▸ **Collected data entries**

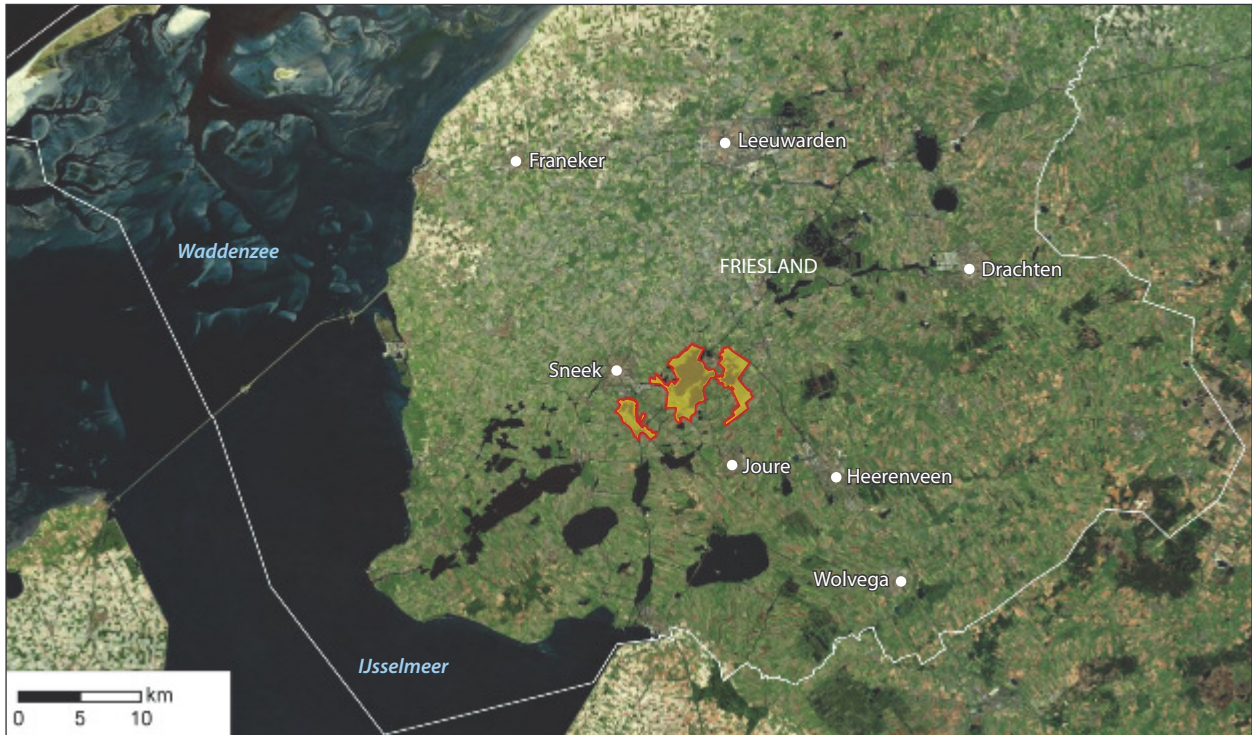
Figuur 1. Ligging van het centrale merengebied in Friesland. Situation of the central lake district in the province of Friesland.
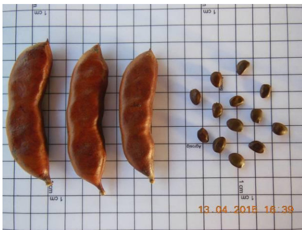
Foto 11 - Sementes de Pau ferro, Libidibia ferrea Mart. Ex Tul. L. P. Queiroz em processo de beneficiamento.
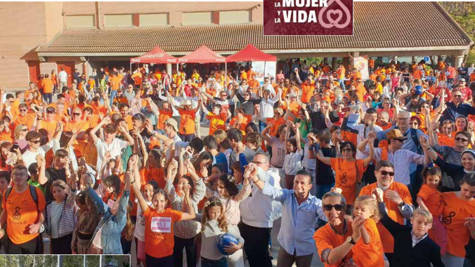
La Fiesta por la Mujer y la Vida del pasado año congregó a numerosos participantes.
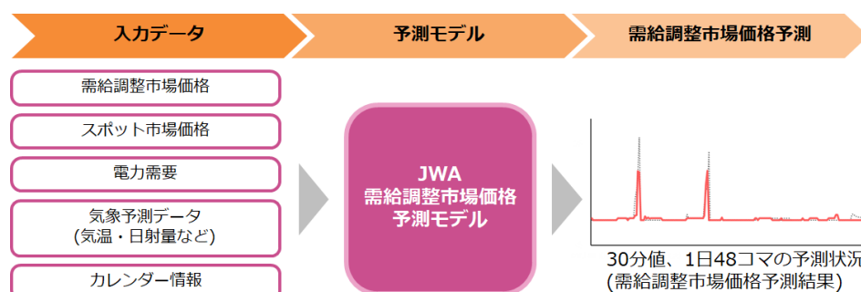
「需給調整市場価格予測」の概要

卸電力取引市場(JEPX (注6) が運営)を対象とした「スポット市場価格予測」と組み合わせることで、需給調整市場の落札価格予測が前日スポット市場価格予測より高いときに需給調整市場に入札するなど、売電先市場を選択される際のご判断にお役立ていただけます。また、蓄電所事業者による系統用蓄電池の売電収益の最大化、リソースアグリゲーター (注7) による売電計画策定を支援します。今後は一次調整力・二次調整力①②・三次調整力①にも対応し、さらなる機能拡充を予定しています。
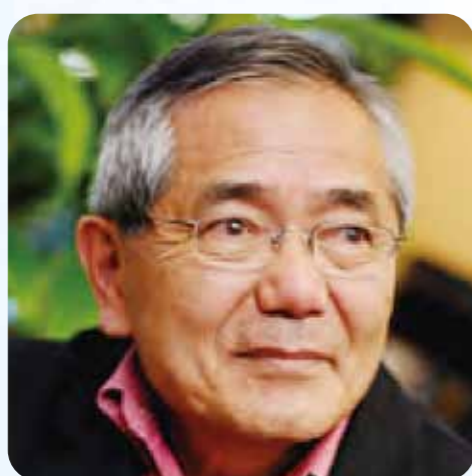
Ei-ichi Negishi Purdue University
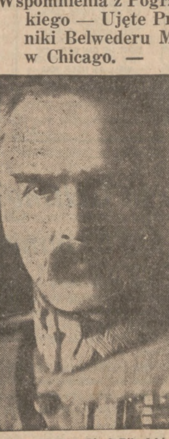
Marsz. Polski Józef Piłsudski który zmarł 12 maja 1935

▸ **Work order**
The records above must be copied exactly, with no pictures carried over.

▸ **Response to this task**
Figuur 1. Ligging van het centrale merengebied in Friesland. Situation of the central lake district in the province of Friesland.
Foto 11 - Sementes de Pau ferro, Libidibia ferrea Mart. Ex Tul. L. P. Queiroz em processo de beneficiamento.
La Fiesta por la Mujer y la Vida del pasado año congregó a numerosos participantes.
「需給調整市場価格予測」の概要

卸電力取引市場(JEPX (注6) が運営)を対象とした「スポット市場価格予測」と組み合わせることで、需給調整市場の落札価格予測が前日スポット市場価格予測より高いときに需給調整市場に入札するなど、売電先市場を選択される際のご判断にお役立ていただけます。また、蓄電所事業者による系統用蓄電池の売電収益の最大化、リソースアグリゲーター (注7) による売電計画策定を支援します。今後は一次調整力・二次調整力①②・三次調整力①にも対応し、さらなる機能拡充を予定しています。
Ei-ichi Negishi Purdue University
Marsz. Polski Józef Piłsudski który zmarł 12 maja 1935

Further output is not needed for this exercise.